2. The marine pipe coating cleaning device according to claim 1, characterized in that the turret (2) is a semi-closed structure, in a C-shape or semi-circular shape.

3. The cleaning device for the coating of the marine pipe as claimed in claim 1, wherein the outer side surfaces of the roller (14) and the driven wheel (1512) are provided with concave structures along the circumference, and the shape of the concave structures corresponds to the arc shape of the outer wall surface of the marine pipe (4).

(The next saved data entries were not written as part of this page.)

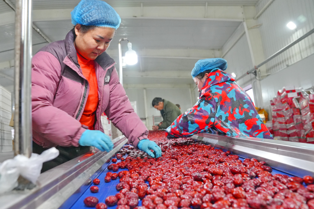 企业的发展还带动了当地红枣销售和村民就业。该公司每年收购近千吨红枣用于深加工,安置了当地50多人就业,红枣收购季节临时用工达200余人,每年人工费支出150余万元。图片
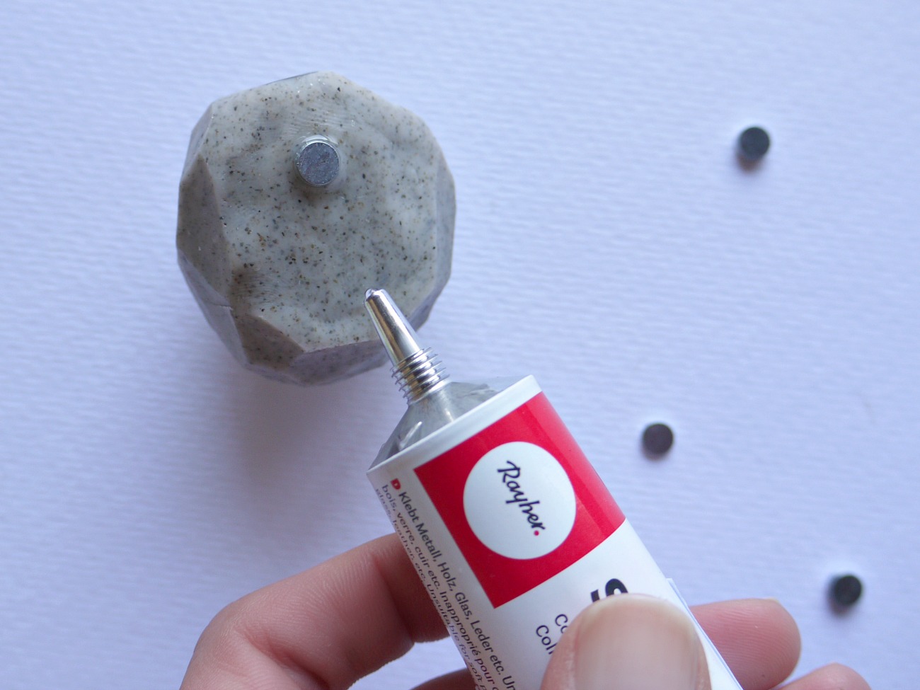 Ko se ohladijo, na večjo ravno površino prilepimo magnetke. Mi smo na vsako vazico prilepili 3 magnetke.
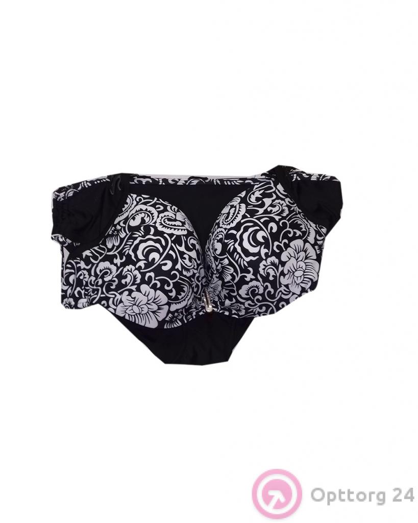 Купальник раздельный черно белый с подвеской оптом

4. Marine pipe coating cleaning apparatus according to any one of claims 1 to 2, wherein a distance measuring sensor for detecting a distance from the high pressure nozzle (3) to the surface of the marine pipe (4) and an adjusting unit for adjusting a distance from the high pressure nozzle (3) to the surface of the marine pipe (4) according to the measured distance are further provided on the clamping body (11).